Следователь закурил и, поднявшись, зашагал по хате. Сомнений не оставалось: да, он, ценимый начальством следователь, совершил ошибку! Он прозевал «мелочь», не придал ей значения и принял за истину лишь объяснение подследственного, чего не имел права делать.
«Как же теперь быть? Следствие закончено, сдано, наверное, уже лежит в архиве, и… если умолчать самому, то никто…» — Сидоренко передёрнулся, будто прикоснувшись к чему-то, бесконечно гадливому и мерзкому. Быстро надев сапоги и гимнастёрку, он выбежал из дома.
По мере того как он приближался к хате, занятой майором Окуневым, шаги следователя делались всё короче и медленнее. У самого входа он остановился и вдруг решительно пошёл прочь. Торопливо взбежав на крыльцо большого полуразрушенного дома, Сидоренко узнал от автоматчика, что полковник Гаркуша ещё затемно уехал на передовую вручать ордена награждённым. Сойдя со ступенек, Сидоренко долго стоял в нерешительности, пока случайно не заметил вдали сутуловатую фигуру полковника Серебрякова.

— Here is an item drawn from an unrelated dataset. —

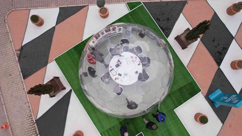 Kayseri’nin Talas İlçe Belediye Başkanı Mustafa Yalçın, iglo şeklinde tasarlanan şeffaf odada vatandaşlarla yüz yüze görüşerek hem sorunlarını dinliyor hem de çözüm buluyor.

«Вернулся!» — обрадовался Сидоренко и по-спешил за начальником.
— Садитесь. Я вас слушаю, — сказал Серебряков, с удивлением заметив волнение следователя.
— Товарищ полковник, — продолжая стоять, начал Сидоренко, — как следователь и коммунист я совершил большую ошибку: не выяснив одной детали, сдал дело Петрова.
— Вот даже как! До или после сдачи дела вы определили свою ошибку? Сегодня?.. Так вы всё-таки сядьте. А теперь рассказывайте.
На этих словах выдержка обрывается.